2. Material and methods Suitable patients entered a 24 weeks, randomized, placebo-controlled, two-period cross over study to compare the effects of continuous transdermal estradiol replacement therapy with placebo on blood pressure and its systemic hemodynamic determinants in postmenopausal women. Patients were informed of the aim of the study and gave written consent. Exclusion criteria consisted of the following: (a) history of breast cancer, (b) neoplastic, endocrine, cardiac or vascular diseases, (c) estrogen treatment during the last 2

months prior the beginning of the study, (d) present treatment with drugs that may interfere with circulation or with estradiol metabolism, (e) vaginal bleeding in response to 5 days of 5 mg of oral medroxyprogesterone acetate. (f) moderate, severe, complicated or treated arterial hypertension, (g) inadequate waveform on impedance cardiography tracing. Concomitant medications taken by some patients were: benzodiazepines in five, nonesteroideal anti-inflammatory agents in six, antilipemic agents in three and veralipride in two. During an inclusion period of 16 months, 33 postmenopausal women, aged 47–62 years, were randomized into one of two sequences: placebo patches for the first 12 weeks and transdermal estradiol patches for the second (group 1, n= 16) or the same treatment in the reverse order (group 2, n= 17). From the 33 patients initially recruited to the study, two were excluded for non-compliance (one during active period and the other during the placebo period), and two chose to withdraw, one because of lack of improvement during the active period and the other because of symptomatic impairment when changed from estradiol to placebo. Thus, 14 patients completed the sequence placebo-estradiol (group 1) and 15 the sequence estradiol-placebo (group 2). Twentyfour women had spontaneous and five had surgical menopause. In order to maintain the symmetry of the sequences, norethisterone acetate (NETA) in women with intact uteri was given for the last 12 days of both estradiol and placebo arms. The five hysterectomized women did not received NETA. Estrogen deficiency symptoms were scored according to their intensity (absent 0, mild 1, moderate 2 and severe 3). Hot flushes and sweating were multiplied by four, nervousness and insomnia by two and fatigue, dyspareunia, palpitations, headache and dizziness by one. The transdermal system consisted of a self adhesive acrylic matrix patch [10] delivering a constant dose of 0.05 mg of 17b-estradiol daily over 7 days [11]. Identical patches not containing estradiol were used during the placebo period. Women with intact uteri received 1 mg of NETA orally during the last 12 days of each treatment period.

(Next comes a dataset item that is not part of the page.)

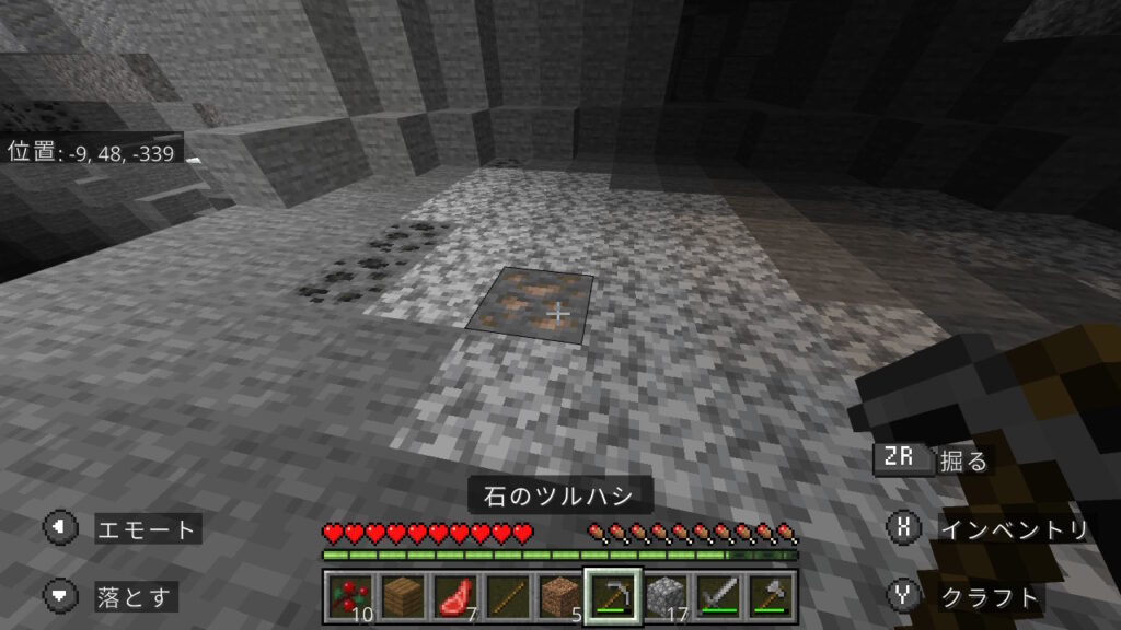近場に鉄がありつつ日光も届きそうな洞窟があったので、ここに一旦潜ります。ここまででおおよそ7分程度。いつもなら村の攻略が終わっているくらいなので、やはり鉄掘るルートは時間的にロスします。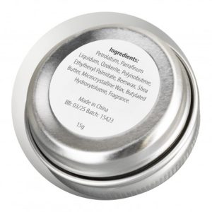 Handy 15g vanilla-scented lip balm in a convenient travel tin with a secure screw on lid. An ingredients label is located on the base of the tin.

J. Alfie et al. / Maturitas 27 (1997) 163–169

Thus, the hemodynamic effects of estradiol alone was assessed in 29 patients whereas the effect of progestin addition was assessed in a subsample of 24 patients. Plasma samples during estradiol treatment were not available in two women. Plasma was separated immediately and frozen ( −20°C) until analyzed for 17b-estradiol. Plasma levels of 17b-estradiol were determined by radioimmunoassay (Diagnostic Products Corporation, USA). Hemodynamic measurements were performed at baseline, at the end of each treatment period (immediately before progestin addition), and again between 7 to 12 days of NETA addition. Patients were asked to avoid smoking, drinking tea or coffee in the morning of the hemodynamic study. Blood pressure was determined on the right arm with a mercury sphygmomanometer. Impedance cardiography (Minnesota model 304 B, Surcom) was utilized for noninvasive monitoring SV, using the technique and formula proposed by Kubicek et al. [12]. Tracings of five consecutive cardiac cycles in apnea (passive expiration avoiding Valsalva) were recorded at a paper speed of 50 mm/s and manually measured. Hemodynamic recordings were obtained in quadruplicate, at rest in supine position. The CO was calculated as SV×HR, where HR, heart rate. Mean arterial pressure (MAP) and SVR were calculated by standard formulas. In our laboratory, the correlation coefficient between the simultaneous CO values obtained by impedance cardiography and thermo-dilution in 14 patients was 0.94, and the mean of the paired differences between the two methods was 0.08 l/min [13]. Differences in symptomatic score among baseline, placebo and estradiol treatment were assessed by Friedman test. The analysis of the crossover design was performed by the method of Grizzle [14]. Hemodynamic effects of NETA administration on placebo and estradiol arms were assessed by repeated measures ANOVA and Student –Newman–Keuls test. The relation between hemodynamic changes and plasma estradiol concentration was assessed by correlation analysis and unpaired t-test.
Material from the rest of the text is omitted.